Es besteht auch keinerlei Verpflichtung alles in Fettschrift zu schreiben.

Vorschlag zur Lösung des Problems :

Wenn du wirklich nur die Gesichter ausschneiden willst, dann such dir einen passenden "Hintergrund". Ich hab mal ein Bild gesehen wo die Blätter eines Baumes durch Gesichter ersetzten worden sind. Passt hier vielleicht nicht so ganz.

Du musst die einzelnen Gesichter in eine geöffnete Photoshop Datei einfügen. (Öffnen der z.B. JPG_Datei und dann rüberziehen).
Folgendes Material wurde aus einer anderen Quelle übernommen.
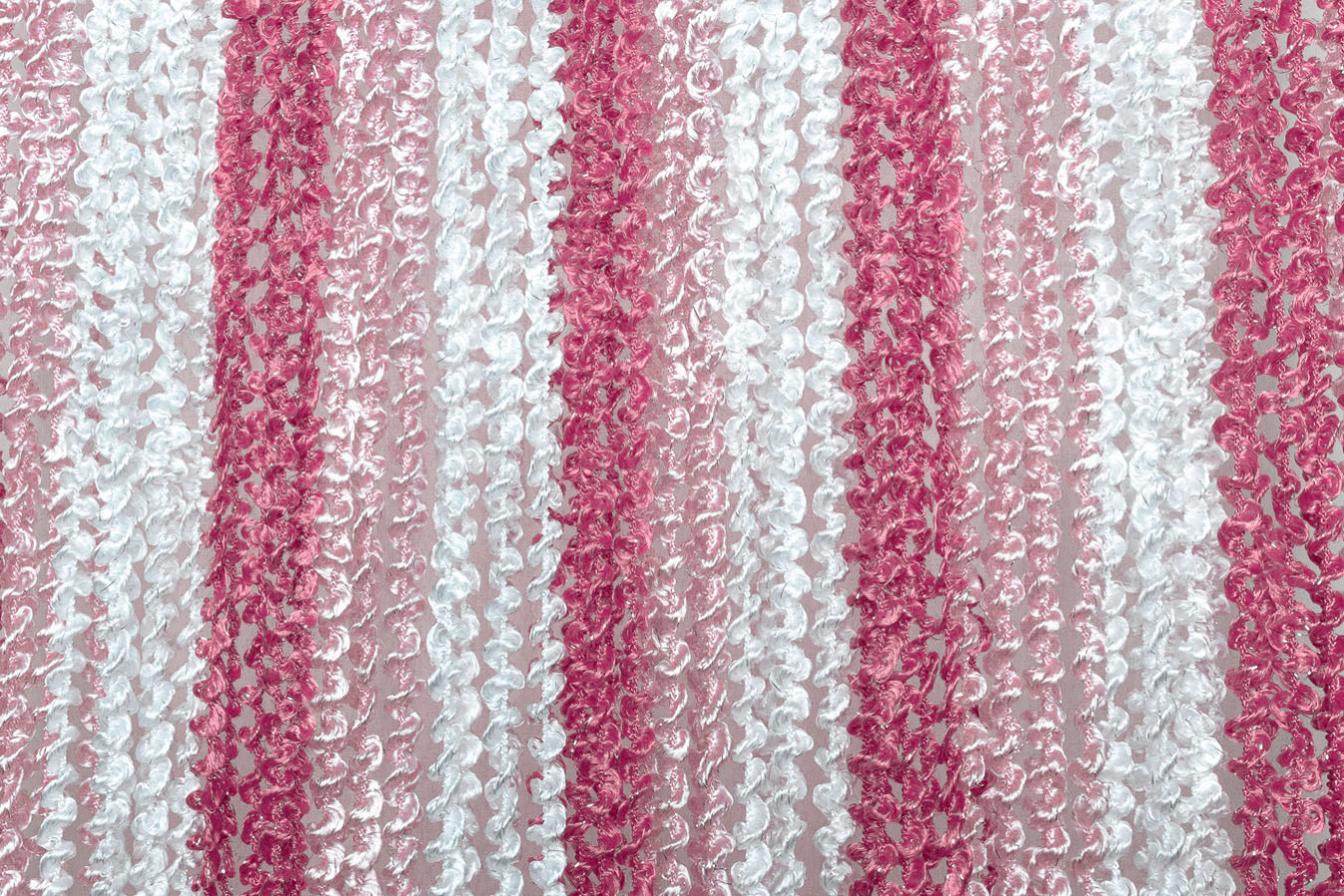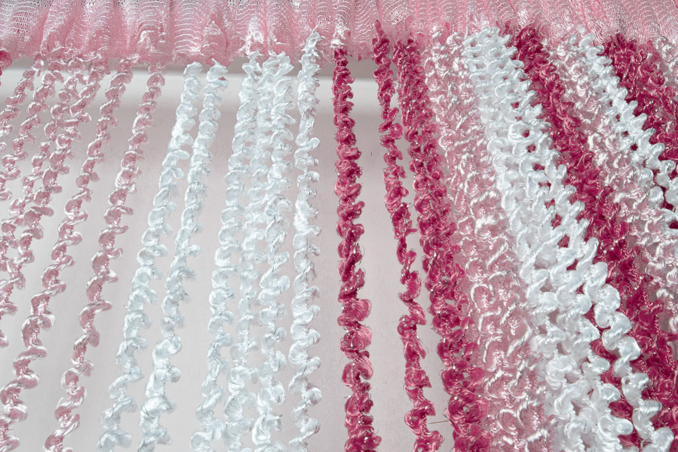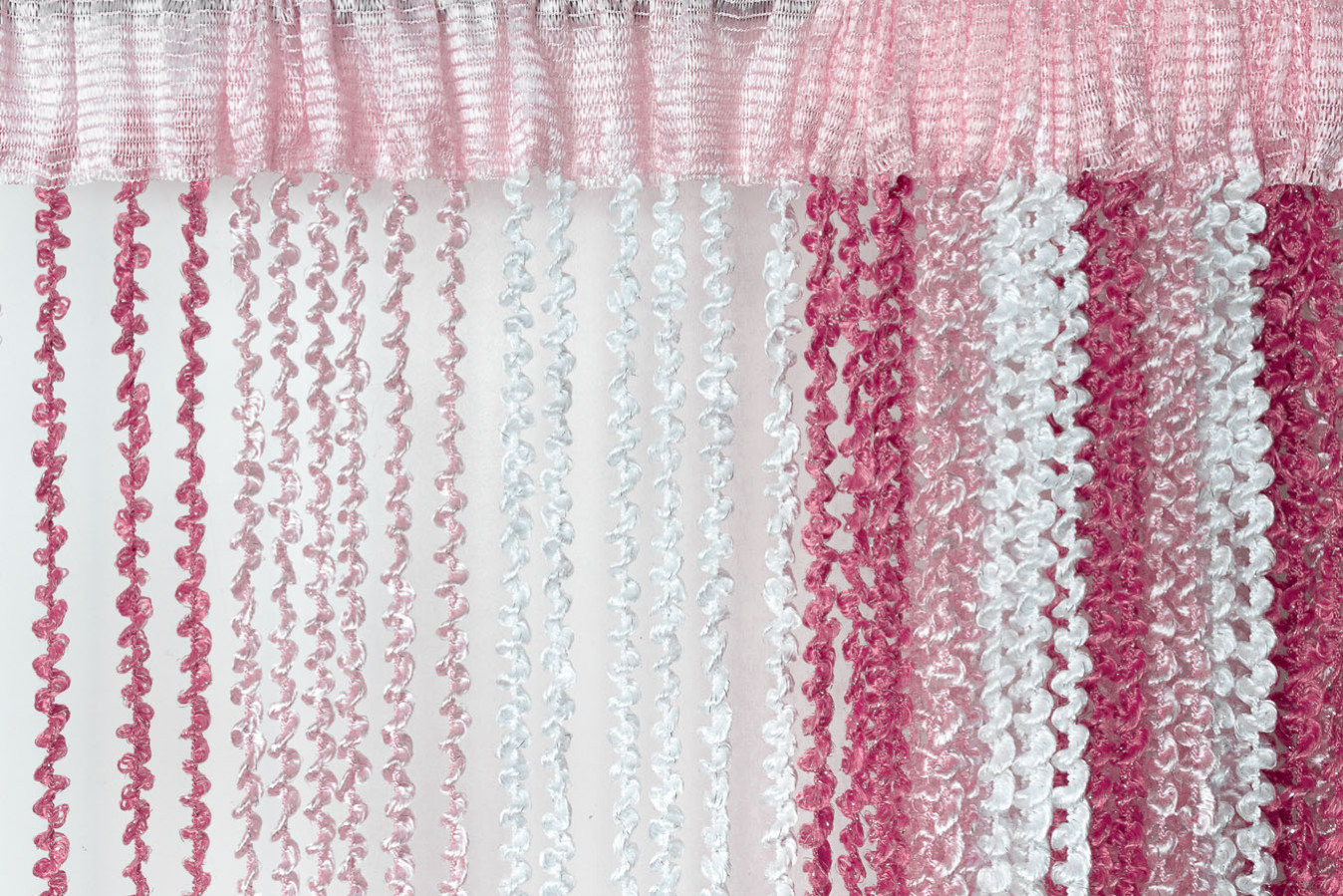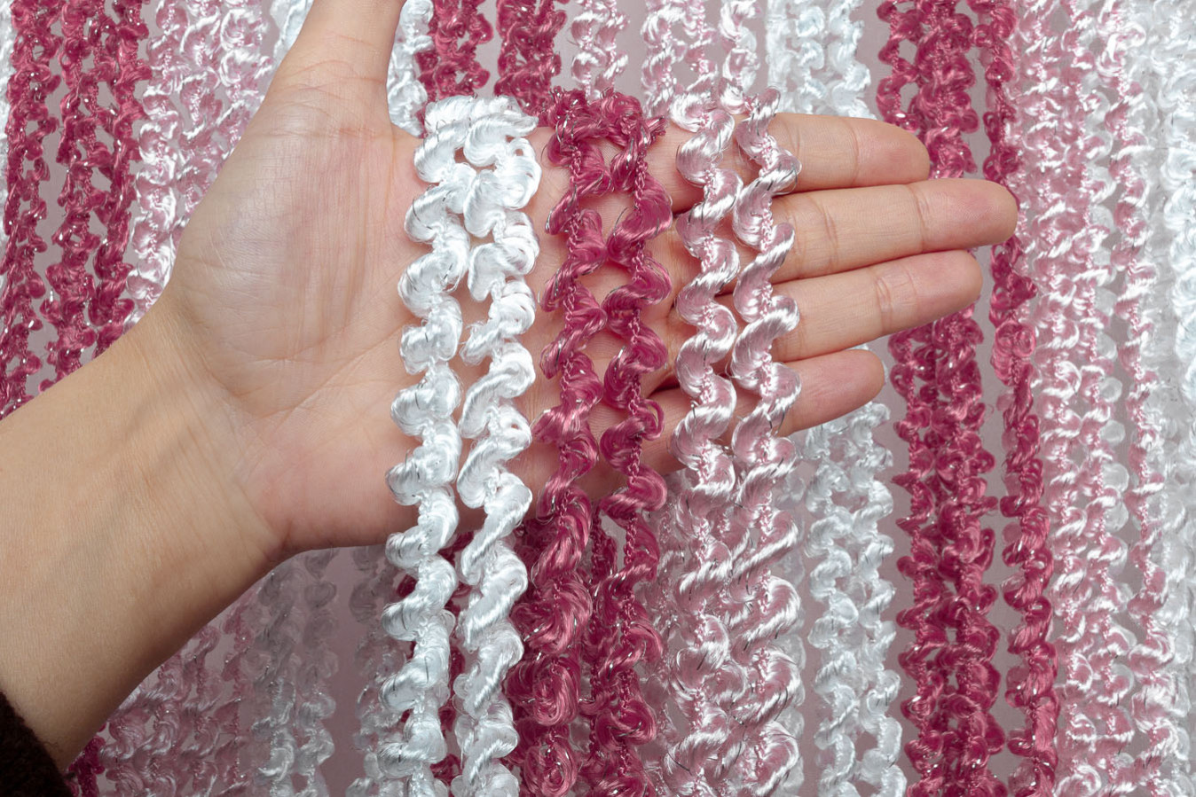 Штори-нитки спіраль — це декоративна штора з ниток, що прикрашена витонченим спіральним плетінням, що додає інтер'єру особливого шарму. Вона чудово пропускає світло, створюючи м'яке розсіювання, і водночас виконує декоративну функцію, зонуючи простір чи прикрашаючи вікно, дверний проріз або стіну. У фігурне плетіння ниток включений сріблястий люрекс, що надає кисеї ніжне мерехтіння. А об'ємна та пухнаста структура ниток робить штори схожими на фантастичну, легку хмару.

Dann eine Ebenmaske anlegen und die Bildteile, die nicht zu sehen sein sollen "wegsprühen". Dann das Ganze so positionieren wie du willst und das Ganze noch ca. 25 mal für die restlichen Fotos.

Ciao Stefan


----------



## khutter (6. Oktober 2005)

Hi Rookie,

das ist eigentlich ziemlich einfach. 

Bilder öffnen, dann neue Datei in Postergrösse erstellen. Dann die einzelnen Köpfe markieren
und kopieren strg c, danach strg v im Poster klicken oder einfach mit der Maus ins Poster ziehen.

Die einzelnen Bilder werden nun reinkopiert, für jedes wird automatisch eine neue Ebene erstellt.
Wenn du nun auf die einzelnen Ebenen gehst, kannst du jedes Bild einzeln 
bearbeiten, bewegen, transformieren, etc. etc

Viel Spass. Karin


----------



## matthäus (8. Oktober 2005)

danke.sorry wegen der unkorrekten schreibweise.


----------